Wednesday, September 24, 2008


Today was one of those days were you had to look at a 3-5 day chart to get an idea if today would be a continuation or reversal day. Typically, if the market is unable make a higher low within the first hour and hold, then there’s a good chance of a continuation to the downside. Tomorrow must make higher lows in order for me to put on long positions, otherwise my shorts stay. Make sure you watch a 3-5 day chart for key support and resistance levels.

Here’s one stock you don’t have to worry about. Sequenom Inc. (SQNM) announced additional positive results for its Down syndrome test. Technically, if SQNM broke to the downside, then it would have formed a “bump-and-run” reversal. Today’s move shows how powerful breakouts are after longer periods of consolidation. Think of it as holding your foot down on a running garden hose and lifting your foot all of a sudden after the pressure builds. Note the 5-6x average daily volume which confirms price action.

Focus Media Holdings (FMCN) looks like it will trade in a range between the 200-day and 50-day MA’s. Today is considered a slight breakout, meaning that the break out is not clear. It’s possible that FMCN may reverse tomorrow, but it looks like this stock is going higher in the short-term. FMCN looks to have formed a breakaway gap.

Downey Financial (DSL) broke out from its resistance level at $4. This is an example of when things can go wrong. Normally, I would short on days like yesterday where it formed a doji. DSL also formed two bearish gap ups before that. To avoid take a hit on these patterns, you have to wait for confirmation of an evening star pattern, or the addition of a strong down day. A gap up or gap down will set the tone for that day’s trading.
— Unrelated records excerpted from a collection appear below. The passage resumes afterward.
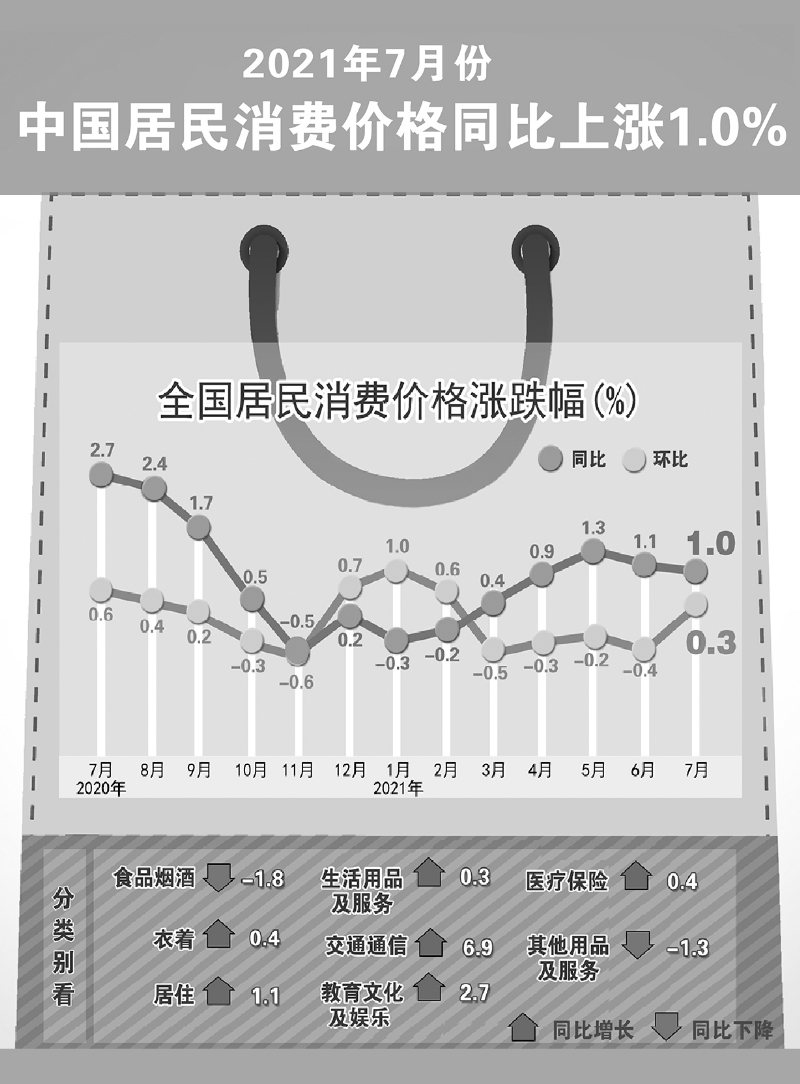 7月CPI环比涨幅由下降0.4%转为上升0.3%,同比上涨1%,涨幅较上月回落0.1个百分点。
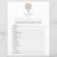 この両面ゲームカードは、前面に単語スクランブル、背面にビンゴを備え、赤ちゃんシャワーやベビー散水に最適である。この単語スクランブルビンゴゲームはボホベージュの水の色の熱気球を特徴とする。お祝いに最適男女兼用。このデザインは、「このテンプレートをパーソナライズすクリックる」でパーソナライズするか、または「デザインツールを使用して編集すもしる」で可能な方法でフォントを変更したり、色を変更したり、デザイン要素を配置したりす違うるでクリック、パーソナライズできます。回答鍵: 1.おむつ2.バシネット3.ボトル4.クリブ5.おしゃぶり6.表7の変更ぬいぐるみ8.ベビーカー9.ゴムダッキー(アヒルちゃん)10.毛布11.テエ12.式13.ハイチェア14.モバイル15.温度計16.ベビー17.ミルク18.ブース19.一辺20。テディベア
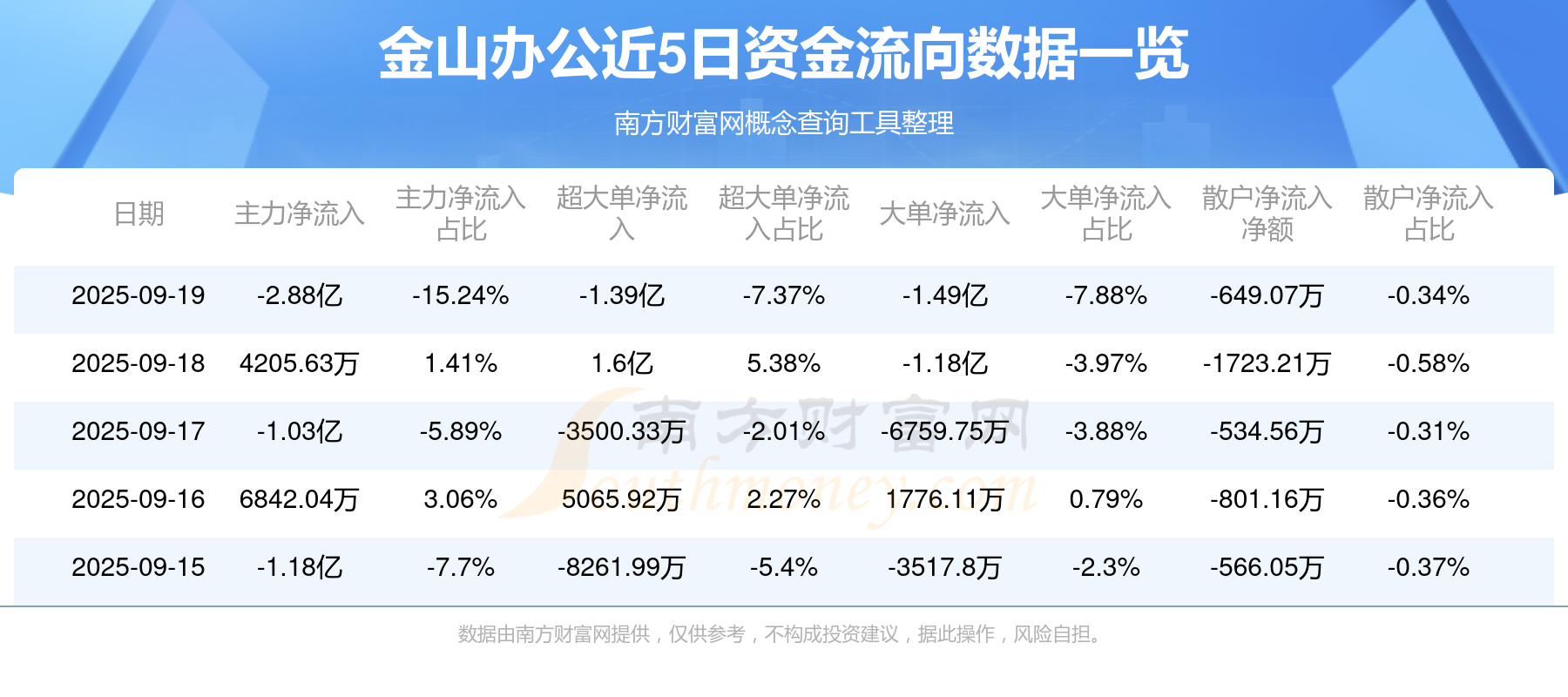 9月19日消息,金山办公主力净流出2.88亿元,超大单净流出1.39亿元,散户净流出649.07万元。
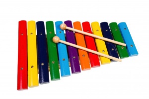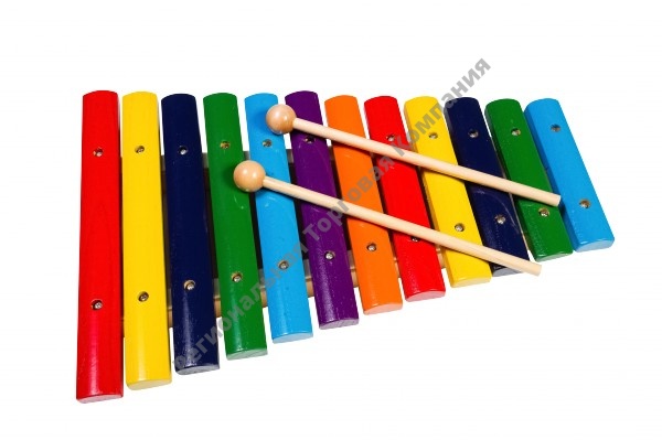 Ксилофон – ударный музыкальный инструмент, имеет древнее происхождение — простейшие инструменты подобного типа встречаются у разных народов Африки, Юго-Восточной Азии и Латинской Америки. В Европе первые упоминания о ксилофоне датируются началом XVI века. Представляет собой ряд деревянных брусков разной величины, настроенных на определённые ноты, по которым ударяют палочками. Инструмент может использоваться как соло, так и в ансамбле. Ксилофон поможет развить музыкальный слух ребенка, чувство ритма, и при этом настолько легок в применении, что даже у малыша, не владеющего нотами, обязательно получится мелодия.
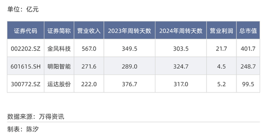 2024年,风电整机行业上市公司的“应付账款及票据周转天数”中值为324天,金风科技为303天,明阳智能为324天,运达股份为317天。我们发现,该行业头部公司的“周转天数”数值比较相近。

We have plenty of breakdowns for today. I would like to mention that two of yesterday’s breakdowns appeared again today (not included in this article). They are Dollar Thirty Auto (DTG) and Pilgrim’s Pride (PPC). Here’s my explicit statement on PPC yesterday: “I don’t suggest anyone go long PPC…unless they’re forced”. The stock dropped 38% today. Ouch!

Medicis Pharmaceutical Corp. (MRX) dropped 13% after they announced that they expected to restate their results from 2002-2008. They calculated returns at the product’s cost not the wholesale price. Don’t they have a CFO? Anyway, you didn’t have be a psychic to avoid this sad day. Look at the descending triangle that formed since May and also notice the lower highs being made. You can also observe the numerous failures or “churning” at the 50-day MA and also note how MRX fits nicely within 200-day MA resistance. All of these warnings would have helped non-technical investors to avoid this day. The next support level is at $10…back in 1999.

U.S. Airways (LCC) is not considered a clean breakdown. However, notice the consolidation pattern and its first failure at the 50-day MA. Tomorrow may determine whether or not LCC starts a new downtrend. As the 50-day and 200-day MA range closes in, the stock must go in one direction so keep an eye on LCC and the other major airlines.

Here’s a 10-year chart of Oshkosh Corp. (OSK). I have no idea why anyone would be buying OSK. This is a future $1 stock and looks like it might possibly happen over 1-3 months. Ever hear that phrase “Bulls walk up the stairs but bears jump out the window”? Six years worth of gains gone in within one year. Please, don’t try to find the bottom unless it’s making higher lows.

Here’s a 10-year chart of BGC Partners (BGCP). Just like PPC, there’s no point in going long. This stock looks like its going to hang out in the single-digits for a while, still recovering from the NASDAQ crash.

F5 Networks (FFIV) is in a parabolic state after forming a reverse wedge. You can also call this a funnel pattern. These patterns are only useful for swing trading tactics and short-term holds toward the end of the pattern. The next level of support is at $20 and I do expect a pullback close to around $25 at which it becomes a favorable short trade before FFIV resumes its downtrend.

Finish Line Inc. (FINL) is not really considered a breakdown, but this may possibly be the end of the road for FINL. Notice the churning at the 50-day MA, which it has never done before. Also note the increase of volume on the down days v. the up days. This stock is losing steam and pay present itself as a nice short candidate soon.

1 comment:

Anonymous said...

FINL just report with a profit from loss, beating the street. What's the game plan now? The stock soar AH. time to buy?